Can I be asked to disclose medical information during the recruitment process?

Some employers may ask medical questions in an interview, or on new employee forms, before you commence employment. These might be questions like: 

  • Do you have any current medical conditions, like diabetes or epilepsy? 
  • Are you on any medications that might affect your ability to do the job? 
  • Do you have a disability which may impact your ability to do the job? 
  • Do you have any previous WorkCover claims? 

You only need to provide medical information which is relevant to the job you are being employed to do, if that medical information is reasonably likely to have an impact on your work. 

Can I refuse to provide medical information in a pre-employment form or interview?

There is no law in Australia which forces employees to provide their personal medical information to an employer or a prospective employer. In fact, health conditions including physical disabilities, previous injuries and psychiatric conditions are ‘protected attributes’ under discrimination laws – which means that employers cannot refuse to give you a job simply because of any real or imagined issue that your medical condition might present.  

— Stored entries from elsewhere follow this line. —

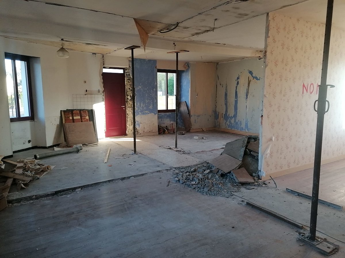 - Début travaux -agrandissement de la cour- avec l'achat de la maison Bédora
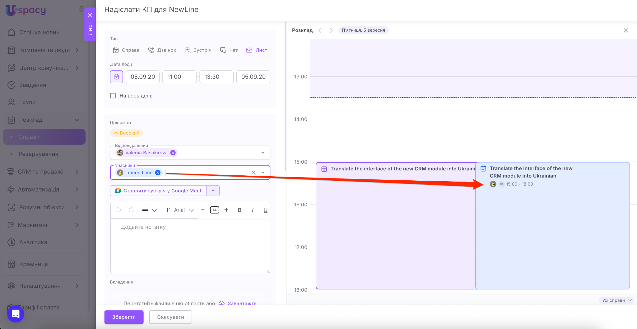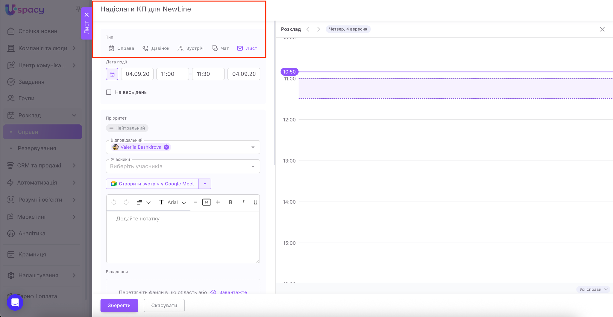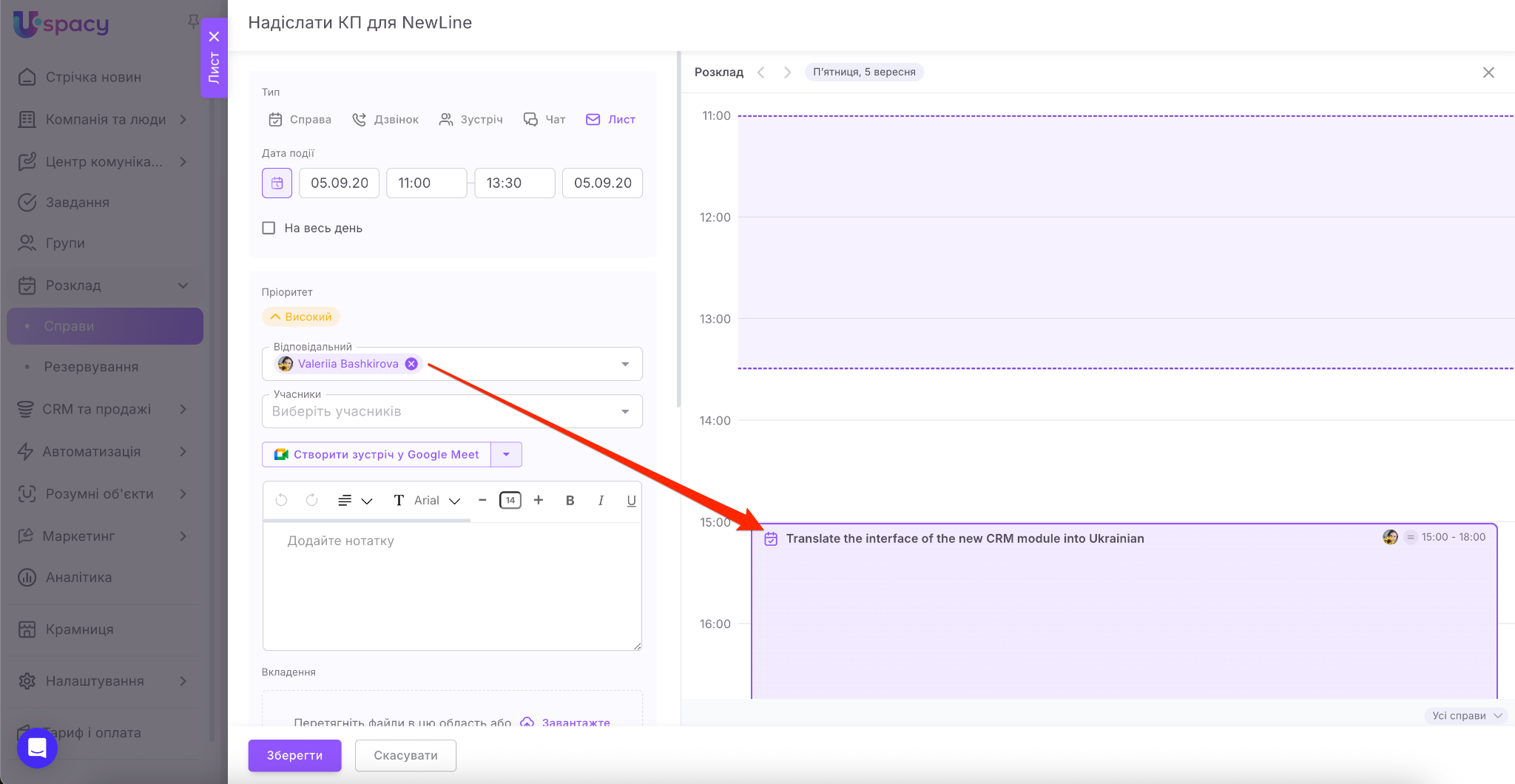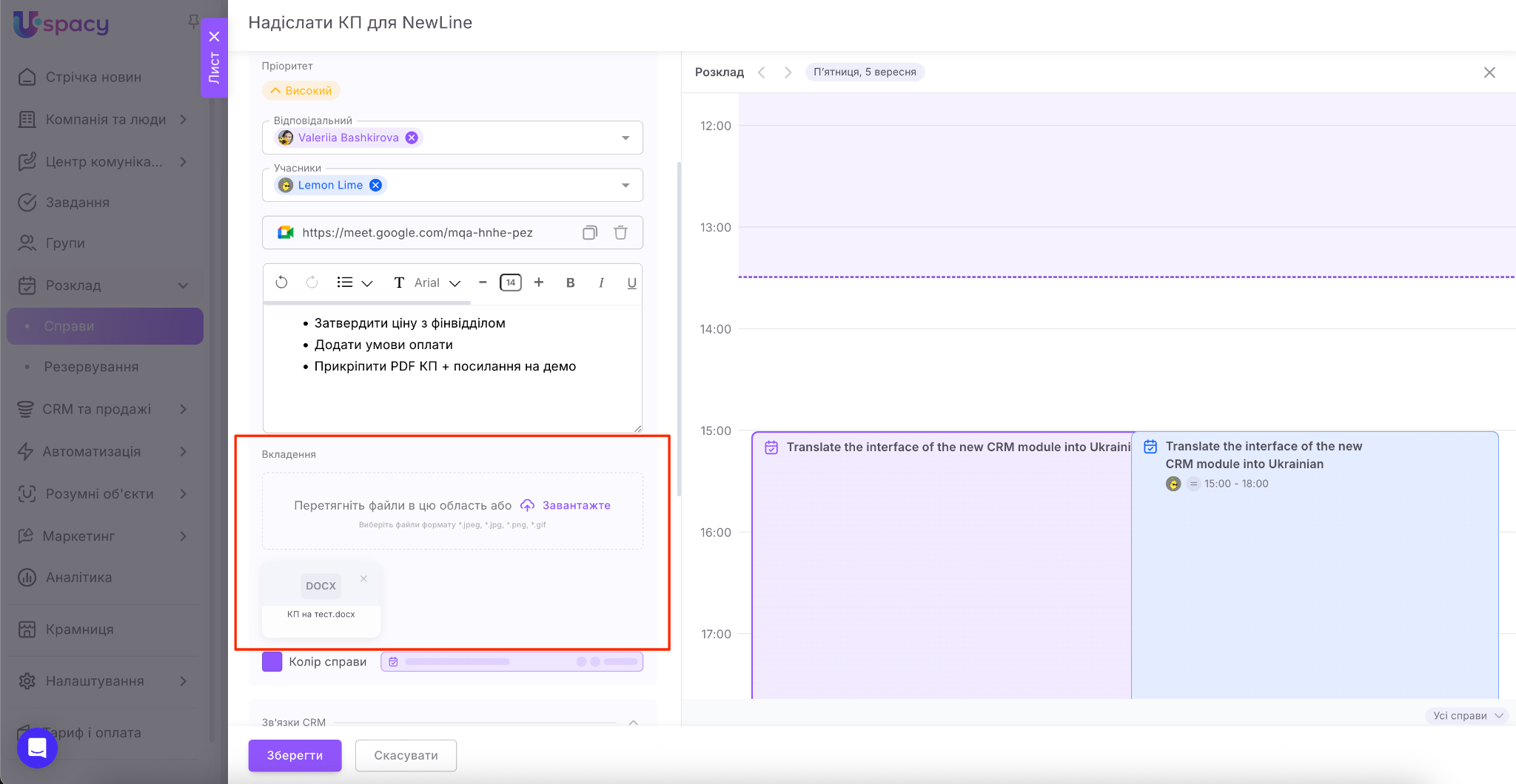 Якщо ви є користувачами комерційних тарифних планів, то одразу під час планування справи ви можете створити посилання на відеозустріч у сервісі Google Meet або Zoom.
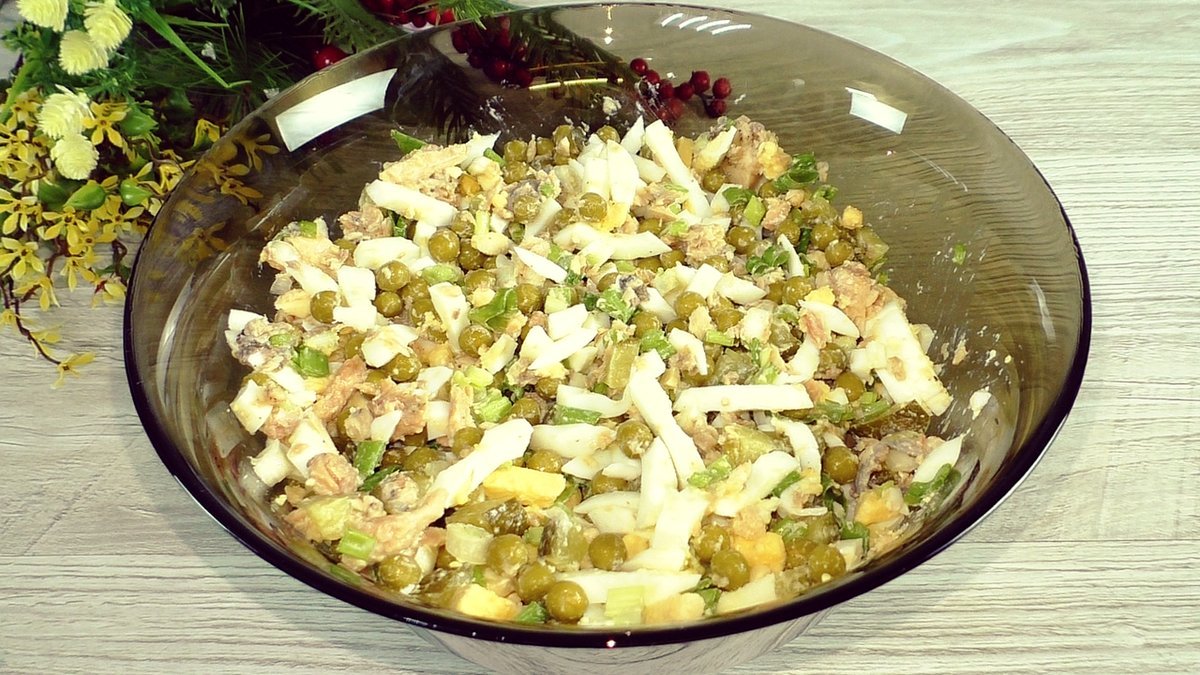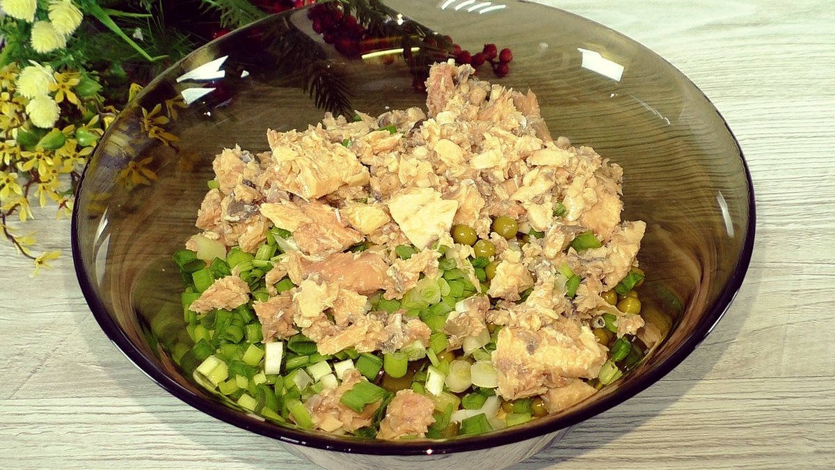 Беру рыбные консервы и готовлю салат, получается много, готовится просто: хоть на праздничный стол, хоть на каждый день
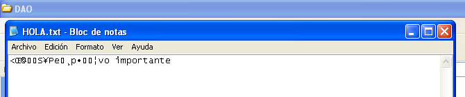 Cuando encuentra un archivo valido dentro de la lista de opciones procede a leer su contenido, en este caso el archivo de prueba se llama HOLA.txt con el contenido “este es mi archivo importante”
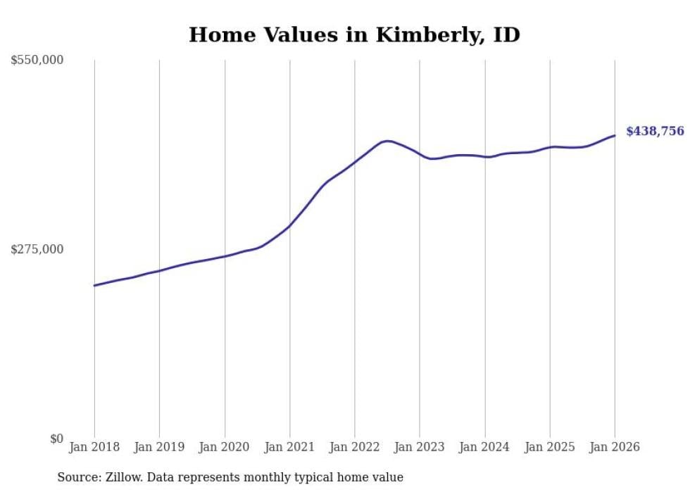 Stacker compiled a list of cities with the most expensive homes in the Twin Falls metro area using data from Zillow. Charts show the monthly typical home value since January 2018. All 10 cities and towns with data available were included in the list.
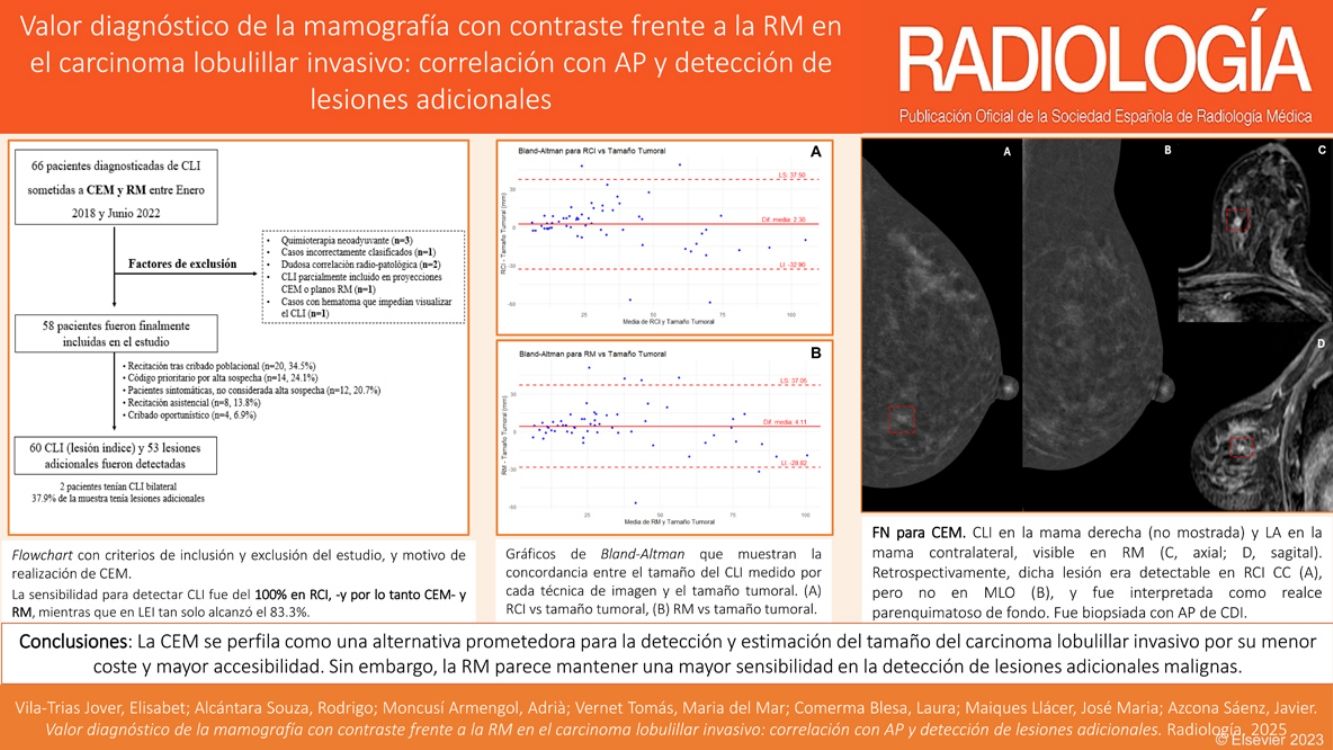 Materiales y métodosEstudio retrospectivo observacional, unicéntrico, que incluyó a aquellas mujeres con diagnóstico histológico de CLI, sometidas a CEM y RM preoperatorias entre enero de 2018 y junio de 2022. Se evaluó la capacidad de detección del CLI mediante imágenes de baja energía (LEI), recombinadas (RCI), CEM (LEI + RCI) y RM para el CLI. Se analizó la correlación entre el tamaño tumoral estimado por cada técnica respecto a la anatomía patológica (AP), así como la de la visibilidad con el grado tumoral. Asimismo, se valoró la detección de lesiones adicionales (LA).
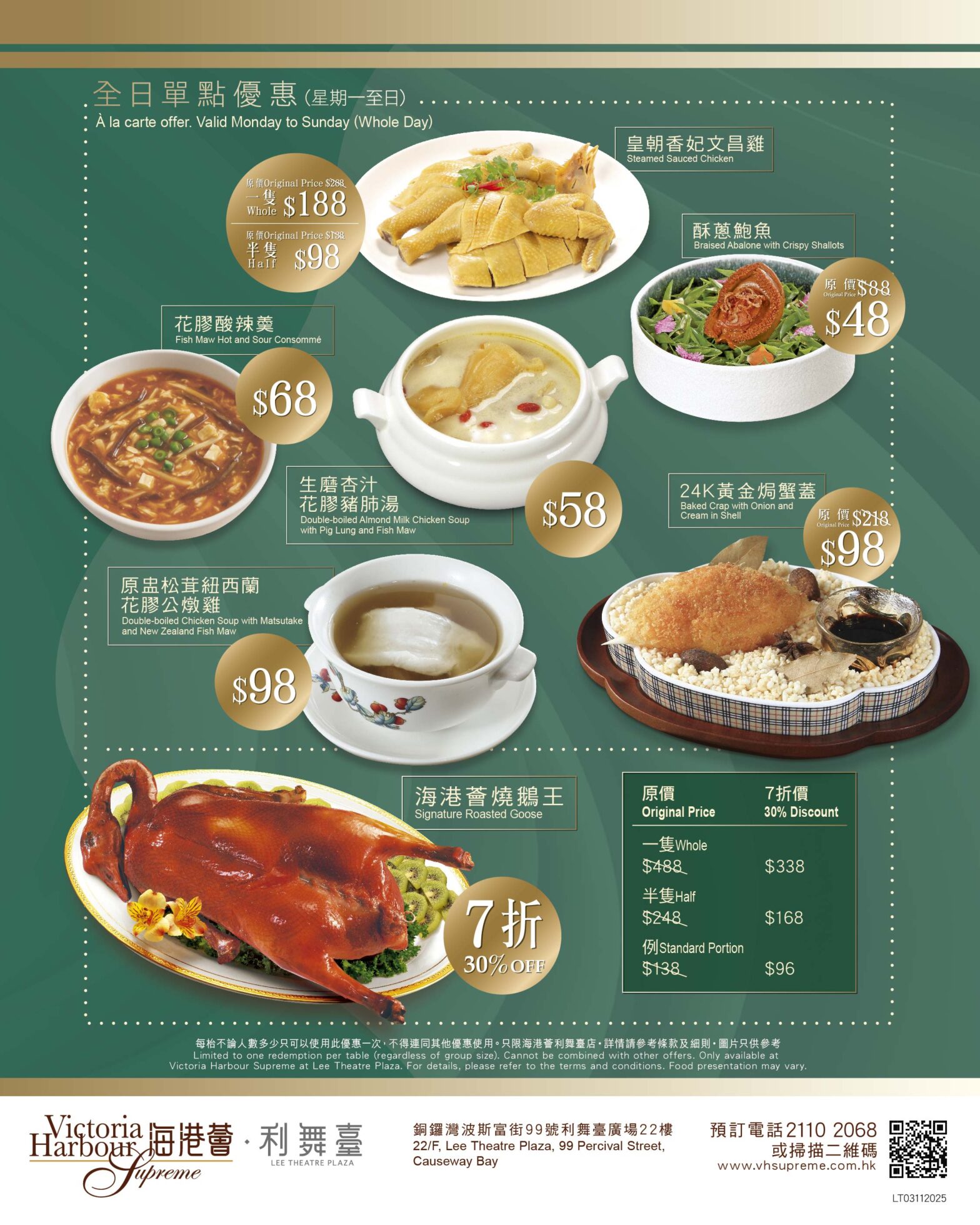 長腳蟹乳豬宴&龍蝦乳豬宴(海港薈灣仔店、尖沙咀店、利舞臺店不適用)

However, your employer may need to know any medical conditions which can have an impact on your ability to do the job, so they can assess any safety risks, and/or what adjustments they might need to make for you so you can do the job.

When are future employers allowed to ask about my medical history?

Employers, or future employers, can only ask questions about your medical history, or current medical situation, in cases where those questions relate to the genuine requirements of the job. An employer can ask certain questions to determine if you can still do the job, to assess any safety risks, or to work with you to figure out what changes you might need in the workplace so you can still do the job.

For more information on discrimination in employment, see our information page on Discrimination in the workplace.

See this factsheet from the Australian Human Rights Commission for more information about what a future employer can and cannot ask you before starting a new job: Questions in Job Interviews 

Mental illness

Over 2 in 5 Australians aged 16–85 have experienced a mental health condition during their lifetime. It’s not going to be unusual then for you to have had, or still live with a mental illness. The rules around disclosure of a mental illness are the same for any other injury or medical condition. An employer can only request information about mental health which is relevant to the job you are being employed to do, if that mental health condition is reasonably likely to have an impact on your work 

The Australian Human Rights Commission has created a helpful guide on managing mental illness in the workplace, which can be found here: Workers Mental Illness Guide . 

Pre-employment medical tests

Some jobs will ask you to do a medical test, or even a psychological test, before starting a new job. Just like the rules around disclosing your medical history, there are some cases where a future employer can ask you to do a medical test before commencing employment, for example: 

  • Where there are possible safety risks involved in the job, for example a job in mining; 
  • Where there are specific duties in the job which might be difficult with certain medical conditions. 

The law says that employers can ask you to undertake a medical assessment ‘where necessary’. If you’ve been asked to do a medical test, either before or after starting a new job, and you’re not sure if you have to, contact us here for free and confidential legal advice. 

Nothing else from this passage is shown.